Y, si fuese necesario, ¡gritar!
José Ignacio Munilla –obispo católico–, refiriéndose a los líderes y portavoces eclesiales, afirmaba que “Lo que debería de ser común para todos es la necesidad de perder el miedo a la comunicación; miedo motivado, a veces, por las ‘cornadas’ que podamos recibir”.
Y este “común” yo me atrevo a ampliarlo a toda la sociedad, a todos los pueblos, a todas las gentes. No sólo porque la libertad de expresión es un derecho inalienable, sino también porque el permanecer callado es la mayor de las injusticias que se pueden cometer contra uno mismo.

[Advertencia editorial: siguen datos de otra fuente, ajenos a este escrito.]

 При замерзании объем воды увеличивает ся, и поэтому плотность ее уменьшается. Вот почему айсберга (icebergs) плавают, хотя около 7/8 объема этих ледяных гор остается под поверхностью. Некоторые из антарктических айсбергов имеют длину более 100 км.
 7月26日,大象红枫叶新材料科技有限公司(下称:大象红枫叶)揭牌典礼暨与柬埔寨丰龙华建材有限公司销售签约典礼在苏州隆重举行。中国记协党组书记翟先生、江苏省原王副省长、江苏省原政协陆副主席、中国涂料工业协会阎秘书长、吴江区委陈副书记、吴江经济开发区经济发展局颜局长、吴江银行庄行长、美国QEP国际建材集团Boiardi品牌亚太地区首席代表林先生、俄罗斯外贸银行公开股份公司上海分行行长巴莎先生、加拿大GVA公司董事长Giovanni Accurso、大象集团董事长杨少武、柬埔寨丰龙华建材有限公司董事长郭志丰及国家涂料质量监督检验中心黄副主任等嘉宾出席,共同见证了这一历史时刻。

Pongamos ejemplos: asistir a un encuentro en el que se va a plantear una mejora sobre comunicaciones en nuestra provincia, y no alzar la voz por aburrimiento o porque nos pueden quitar lo conseguido, se acerca a la traición colectiva.

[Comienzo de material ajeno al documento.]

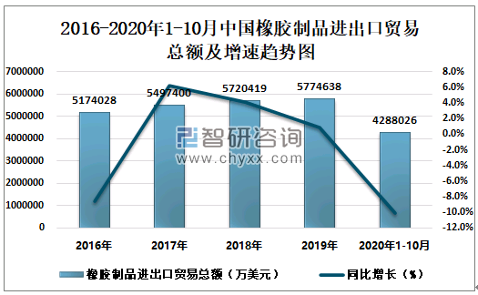2016-2020年1-10月中国橡胶制品进出口贸易总额及增速趋势图

Estar presentes en un reparto de ayudas sociales y ver cómo se priman a los “propios” sobre los “ajenos”, o incluso se prioriza lo externo frente a lo interno –tan imprescindible–, y callar, se acerca al nepotismo.
Ver cómo se priman los intereses de una comunidad –barrio, calle o urbanización– sobre las demás, por no enfrentarse a lo instituido, y no agotar todas las vías a nuestro alcance para corregir los desaciertos, es, sin duda, una muestra de cobardía social.
Así podría seguir, pero, sobre todo, me gustaría dejar bien claro que en todas estas acciones tiene que primar la razón y la verdad –y no las noticias falsas, tan de moda, ni los hechos inventados, tan antiguos–, pues adaptar lo real a lo que no lo es resulta imperdonable, por muy sugerente que sea el discurso planteado. La insistencia en la “protesta adoctrinada”, casi siempre, no hace sino enconar las posiciones, además de empeorar cualquier situación.
¿Hay, pues, que “manifestarse” públicamente, a favor o en contra, en todos los casos que lleguen a nuestros oídos? Ciertamente sí –ya veis que soy partidario a ultranza de ello–, pero sin eludir nuestro deber solidario y con la autoridad moral basada en la sensatez.